Minchia se quest'anno è l'anno del Sagittario o hanno sbagliato a dirmi quando sono nata o per come è iniziato sto già aspettando che finisca. 
Ci metterei anche un fanculo che secondo me non  ci sta male !!!!


----------



## Brunetta (6 Gennaio 2017)

Non vorrei farti pensare a un cattivo augurio, ma molti anni fa dissero che era l'anno del mio segno: morirono mia nonna e mio padre, il mio ex si sposò con un'altra e alla festa di capodanno conobbi mio marito.


----------



## Skorpio (6 Gennaio 2017)

*golden memories*

[video=youtube;vWNldLaDQCw]https://www.youtube.com/watch?v=vWNldLaDQCw[/video]


----------



## Fiammetta (6 Gennaio 2017)

farfalla ha detto:


> Da sempre mi diverte leggere gli oroscopi senza dare loro alcun peso. In 6 giorni del 2017 ho capito che ho fatto bene.
> Minchia se quest'anno è l'anno del Sagittario o hanno sbagliato a dirmi quando sono nata o per come è iniziato sto già aspettando che finisca.
> Ci metterei anche un fanculo che secondo me non  ci sta male !!!!

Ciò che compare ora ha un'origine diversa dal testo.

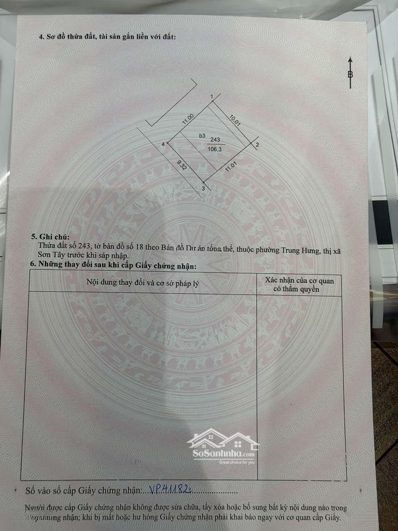 - Diện tích: 106.3m2. - Số tầng: 4 tầng. - Hướng cửa chính: Tây Nam. - Mặt tiền: 9.32m. - Mặt hậu: 10.01m. - Giá: 9 tỷ VND. - Pháp lý: Đã có sổ đỏ. Địa điểm tiện ích xung quanh: - Siêu thị Lan Chi Sơn Tây. - Bệnh viện Đa khoa Sơn Tây. - Các trường học trong bán kính 1km. - Chợ Nông Sản, Chợ Nghệ, Thành cổ Sơn Tây. Liên hệ: Đặng Hải để xem nhà và xem sổ.Đặc điểm nổi bậtDiện tích :106.3m2Mặt tiền :9.32mGiá :9 tỷSố tầng :4 tầng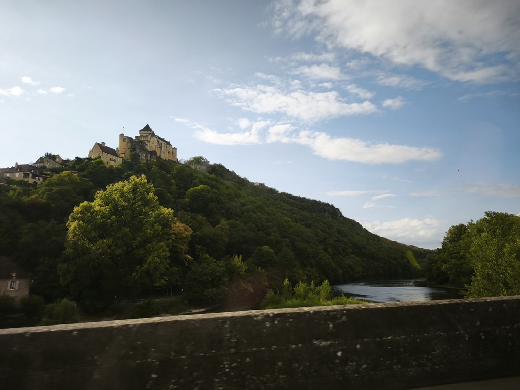 Llegamos a Beynac👇 bien comidos en un restaurante junto al río. El coche nos deja prácticamente a la puerta de la alcazaba, después de un ascenso que de ninguna manera hubiéramos podido hacer a pie.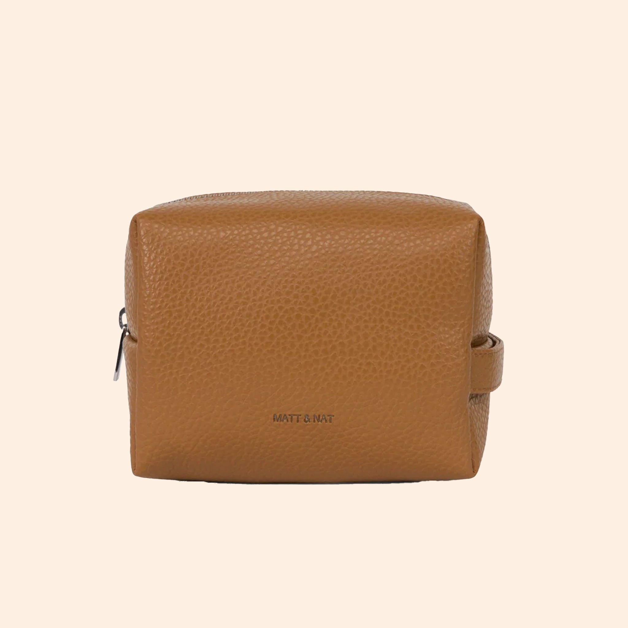 Introducing Matt & Nat's small Blair toiletry case with a top zipper closure and a handle on the right side in a warm brown shade. Get organized at home or for travel with this adorable toiletry case.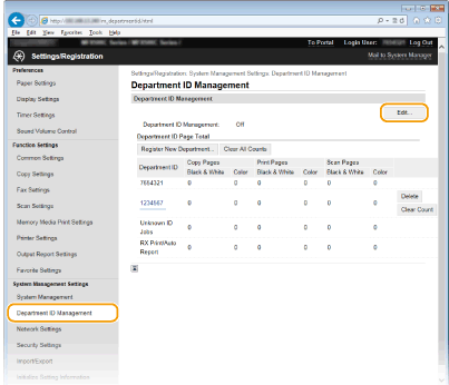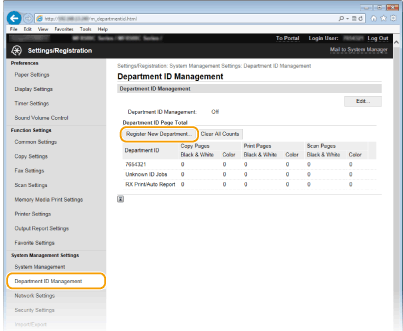 Πατήστε [Department ID Management]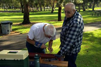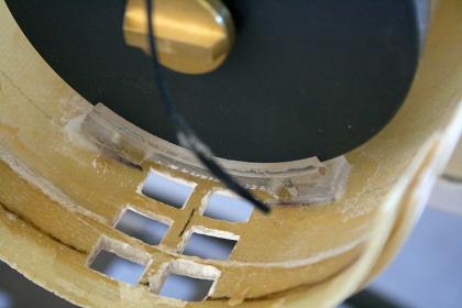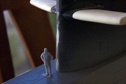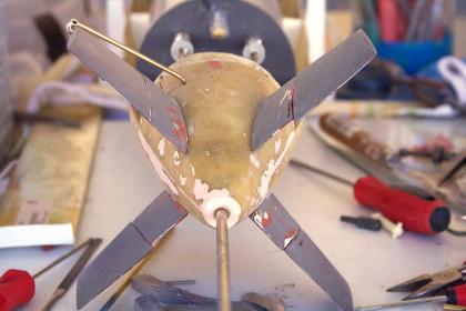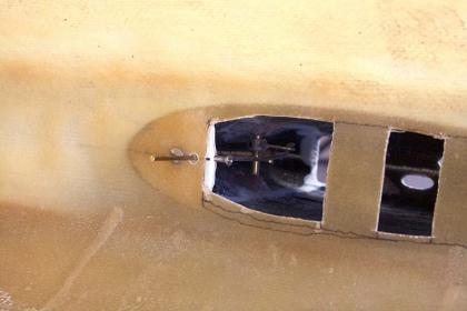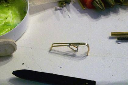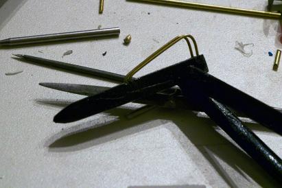 I hope this will make sense, but I used a 1/16" rod attached to the plane horn (brass plate soldered to a wheel collet and the rod has a z bend on the end). Then the brass rod goes through a hole in the resin with another 1/16" hole intersecting the rod hole. I installed in a 2/56 screw into this intersecting hole. The idea is, I can tighten the screw onto the rod to lock the piece in place. If I ever need to make an adjustment, it is a simple loosening of the screw and move the planes then retighten.

Mi dispiace in primis che le cose non vadano bene ( in generale senza che tu entri nel particolare ) quindi ti aiuto con un VAFFANCULO al problemi 

dalla la mia esperienza posso dirti che quando arrivano situazioni difficili da affrontare poi con il tempo si capisce che anche quelle fanno parte della vita e affrontandole ( ti sembrerà strano ) si riesce a cogliere anche una parte di positività 

nemmeno io credo agli oroscopi anche perché troppe volte ho letto che era un anno fantastico   poi mi son ritrovata a risolvere problemi più o meno difficili 

comunque un abbraccio e che tutto si risolva  prima possibile :abbraccio: :amici:


----------



## Nocciola (6 Gennaio 2017)

Brunetta ha detto:


> Non vorrei farti pensare a un cattivo augurio, ma molti anni fa dissero che era l'anno del mio segno: morirono mia nonna e mio padre, il mio ex si sposò con un'altra e alla festa di capodanno conobbi mio marito.


Scusa ma sei riuscita a farmi ridere


----------



## Brunetta (6 Gennaio 2017)

farfalla ha detto:


> Scusa ma sei riuscita a farmi ridere


Fa quasi ridere anche me. Quasi.
Ed è tutto vero!


----------



## Fiammetta (6 Gennaio 2017)

Skorpio ha detto:


> [video=youtube;vWNldLaDQCw]https://www.youtube.com/watch?v=vWNldLaDQCw[/video]


Ammazza che avatarro !!!!


----------



## Skorpio (6 Gennaio 2017)

Fiammetta ha detto:


> Ammazza che avatarro !!!!


È x via del mio oroscopo, che dice che quando cambia il clima è preferibile cambiar vestito :rotfl:


----------